(Data to use Opens)
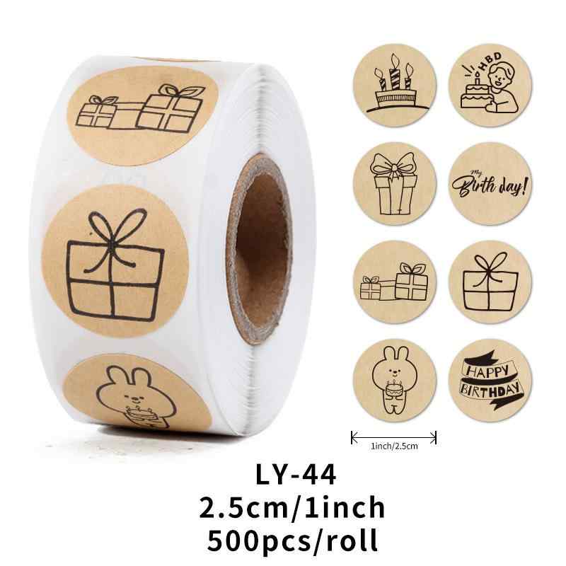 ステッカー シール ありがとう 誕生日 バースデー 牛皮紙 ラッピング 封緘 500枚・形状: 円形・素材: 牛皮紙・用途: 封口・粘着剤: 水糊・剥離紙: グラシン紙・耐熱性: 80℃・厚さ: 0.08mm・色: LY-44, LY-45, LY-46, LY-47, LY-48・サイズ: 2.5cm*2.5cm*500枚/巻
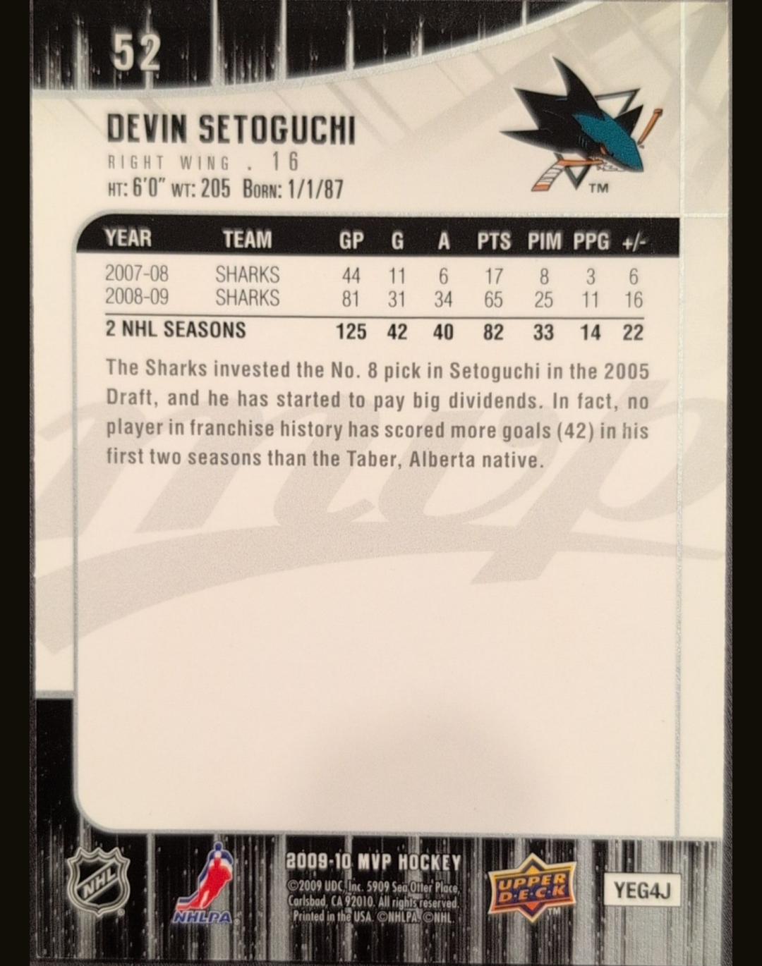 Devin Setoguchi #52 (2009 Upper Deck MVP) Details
(Data to use Closes)
(Data to use Opens)
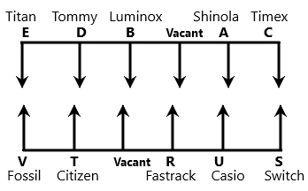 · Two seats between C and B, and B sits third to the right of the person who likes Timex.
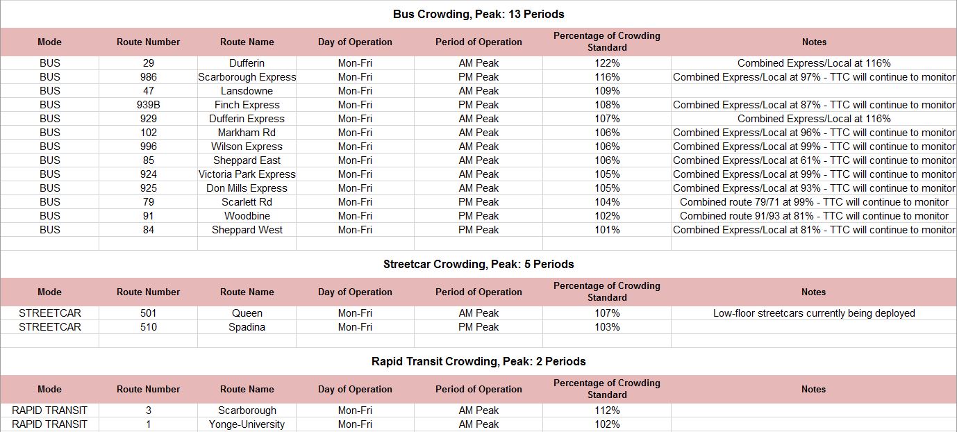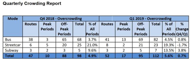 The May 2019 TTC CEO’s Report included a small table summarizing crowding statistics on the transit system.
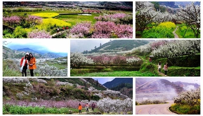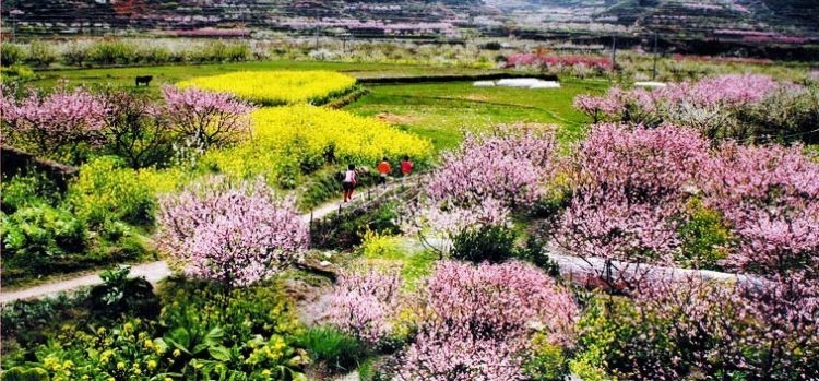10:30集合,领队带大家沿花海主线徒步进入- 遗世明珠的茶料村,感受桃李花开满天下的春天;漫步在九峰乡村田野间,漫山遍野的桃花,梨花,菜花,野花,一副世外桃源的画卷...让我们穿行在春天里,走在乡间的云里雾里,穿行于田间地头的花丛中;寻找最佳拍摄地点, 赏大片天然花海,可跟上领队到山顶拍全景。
(Data to use Closes)
(Data to use Opens)
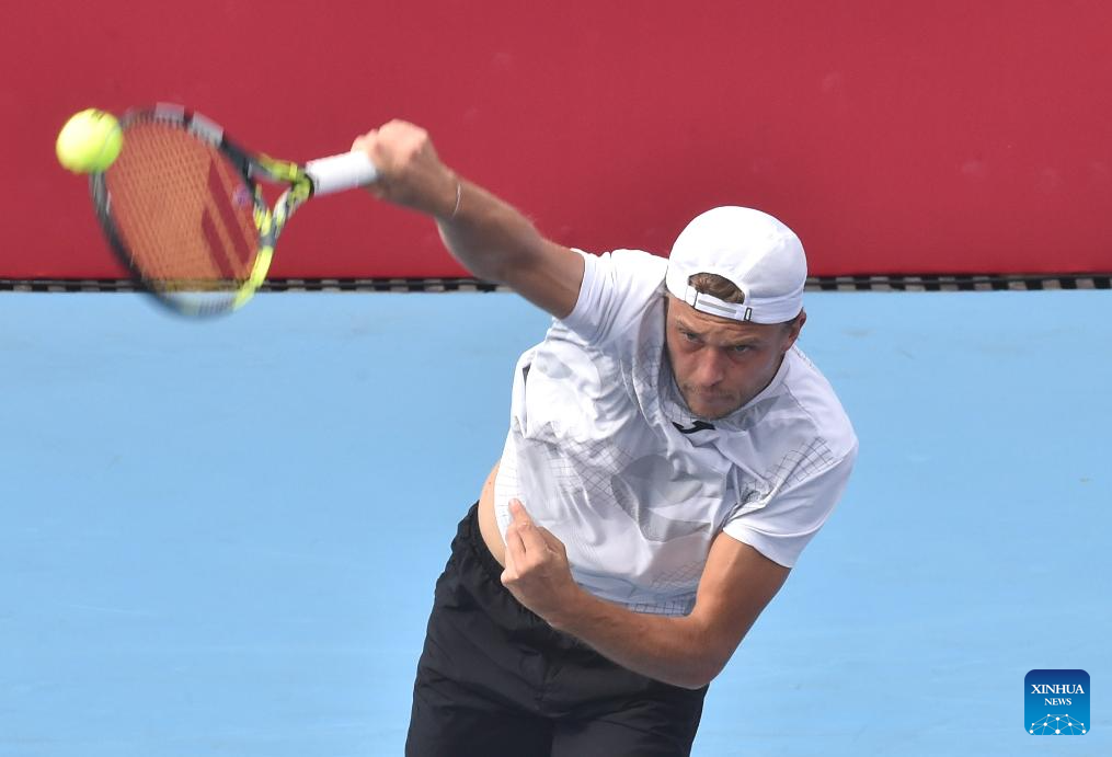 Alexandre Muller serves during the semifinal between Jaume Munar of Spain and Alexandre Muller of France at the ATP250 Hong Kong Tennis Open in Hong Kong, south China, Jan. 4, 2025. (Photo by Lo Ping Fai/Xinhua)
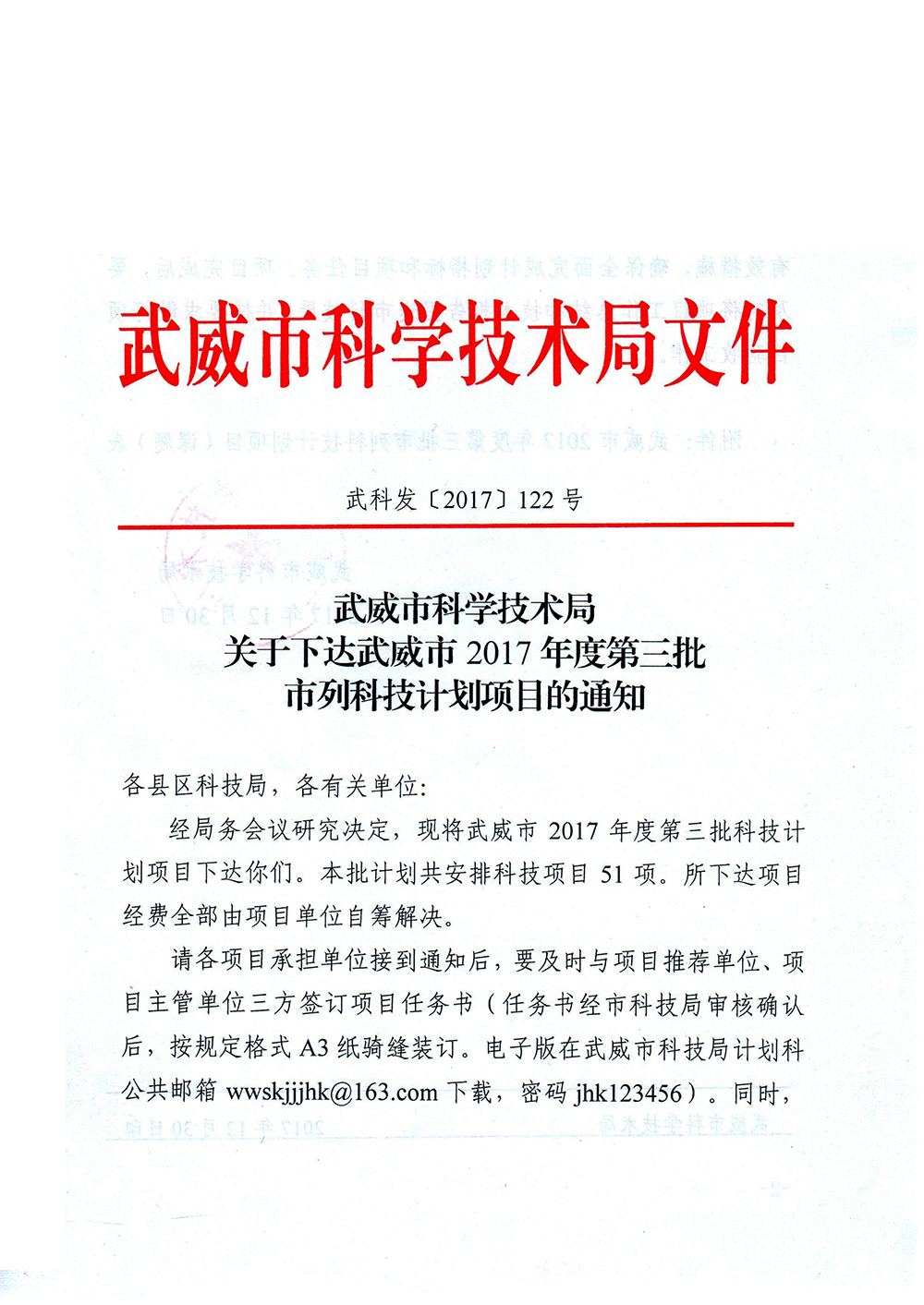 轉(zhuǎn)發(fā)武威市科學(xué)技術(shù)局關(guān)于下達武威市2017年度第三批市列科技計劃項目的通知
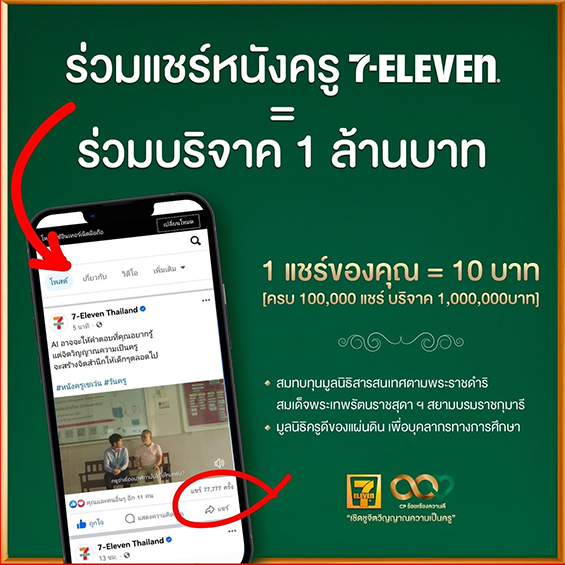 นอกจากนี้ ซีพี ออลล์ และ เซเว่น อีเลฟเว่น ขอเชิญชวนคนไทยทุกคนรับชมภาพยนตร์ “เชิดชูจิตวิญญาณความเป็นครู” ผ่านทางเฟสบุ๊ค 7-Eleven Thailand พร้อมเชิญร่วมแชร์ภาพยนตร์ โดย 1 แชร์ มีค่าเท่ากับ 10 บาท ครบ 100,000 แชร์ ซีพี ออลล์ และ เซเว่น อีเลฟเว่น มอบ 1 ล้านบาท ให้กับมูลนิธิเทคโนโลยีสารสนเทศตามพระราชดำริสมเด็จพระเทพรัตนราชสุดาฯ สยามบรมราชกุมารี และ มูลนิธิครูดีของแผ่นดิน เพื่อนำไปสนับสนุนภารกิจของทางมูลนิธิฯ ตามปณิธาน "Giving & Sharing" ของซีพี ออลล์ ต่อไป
(Data to use Closes)
For this exercise, transcribe exactly the part of the records above that opens with the line containing "ステッカー シール ありがとう" and closes with the one containing "Devin Setoguchi #52". Pictures are not part of the copy.

Result for this task
 ステッカー シール ありがとう 誕生日 バースデー 牛皮紙 ラッピング 封緘 500枚・形状: 円形・素材: 牛皮紙・用途: 封口・粘着剤: 水糊・剥離紙: グラシン紙・耐熱性: 80℃・厚さ: 0.08mm・色: LY-44, LY-45, LY-46, LY-47, LY-48・サイズ: 2.5cm*2.5cm*500枚/巻
 Devin Setoguchi #52 (2009 Upper Deck MVP) Details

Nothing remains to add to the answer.